High-performance, fused GPU kernels for PyTorch training workloads
Project description
Greyhound
High-performance fused GPU kernels for PyTorch training workloads. Greyhound
implements standalone CuTe DSL kernels, wraps them as PyTorch custom ops, and
exposes them through greyhound.nn.functional plus a small set of nn.Module
wrappers.
Status: Alpha (
0.1.x). APIs and performance tradeoffs may change between releases.
What Is Included
| Operation | Functional API | Module API | Notes |
|---|---|---|---|
| Cross-entropy | greyhound.nn.functional.cross_entropy |
- | Standalone cross-entropy loss backed by a loss-and-logits-gradient kernel. |
| Chunked linear loss | greyhound.nn.functional.chunked_linear_loss |
- | Chunks the final projection for user-provided losses; chunked_linear_cross_entropy adds a fused cross-entropy-and-logits-gradient kernel per logits tile. |
| Causal Conv1D | greyhound.nn.functional.causal_conv1d |
GreyhoundCausalConv1d |
Depthwise causal short convolution, optional SiLU. |
| Selective log-softmax | greyhound.nn.functional.selective_log_softmax |
- | Gathers one log-probability per row without materializing full log-probs. |
Operations are built in three layers:
greyhound.kernels: raw CuTe DSL kernels.greyhound.ops:torch.library.custom_opand autograd integration.greyhound.nn/greyhound.nn.functional: user-facing modules and functions.
Bonus Integrations
greyhound.bonus contains experimental utilities that compose
kernels from other providers. These are useful for trying higher-level training
building blocks without treating them as core Greyhound kernels.
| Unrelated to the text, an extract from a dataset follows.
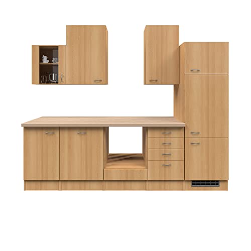 RIWAA – Küchenzeile MARPLE ohne Elektrogeräte – Leerblock – 8-teilig – Breite 280 cm – Buche – Made in Germany
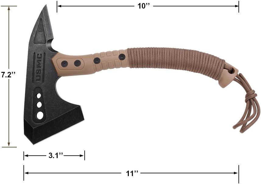 The Tactical Tomahawk Licensed by USMC delivers power, balance, and reliability in one compact tool. Whether you camp in the woods, go hunting, or prepare for tough conditions, this tomahawk helps you stay ready. Its full tang design runs through the entire handle, giving you extra strength with every swing. As a result, you can trust it during heavy use.

| Utility | API | Provider dependency | Notes |
|---|---|---|---|
| Newton-Schulz orthogonalization | greyhound.bonus.newton_schultz.orthogonalize_via_newton_schulz |
quack-kernels |
Muon-style zeropower iteration using Quack symmetric GEMM when available. |
Requirements
- Python 3.11+
- PyTorch 2.7.1+
- CUDA-capable NVIDIA GPU
nvidia-cutlass-dsl[cu13]on non-macOS platforms
Some benchmarks and bonus paths compare against optional third-party providers:
liger-kernel, quack-kernels, flash-linear-attention, causal-conv1d,
gram-newton-schulz, and dion.
Installation
From PyPI:
pip install greyhound-kernels
From source:
git clone https://github.com/tyler-romero/greyhound.git
cd greyhound
pip install -e ".[dev]"
With the Quack bonus and benchmark provider:
pip install -e ".[dev,quack]"
With the full local benchmark provider set:
uv sync --extra dev --group thirdparty
With Modal benchmark tooling:
pip install -e ".[dev,modal]"
Quick Start
Functional Ops
import torch
from greyhound.nn.functional import (
autograd_loss_and_logits_grad,
causal_conv1d,
cross_entropy,
chunked_linear_cross_entropy,
chunked_linear_loss,
selective_log_softmax,
)
device = "cuda"
hidden = torch.randn(4096, 4096, device=device, dtype=torch.bfloat16)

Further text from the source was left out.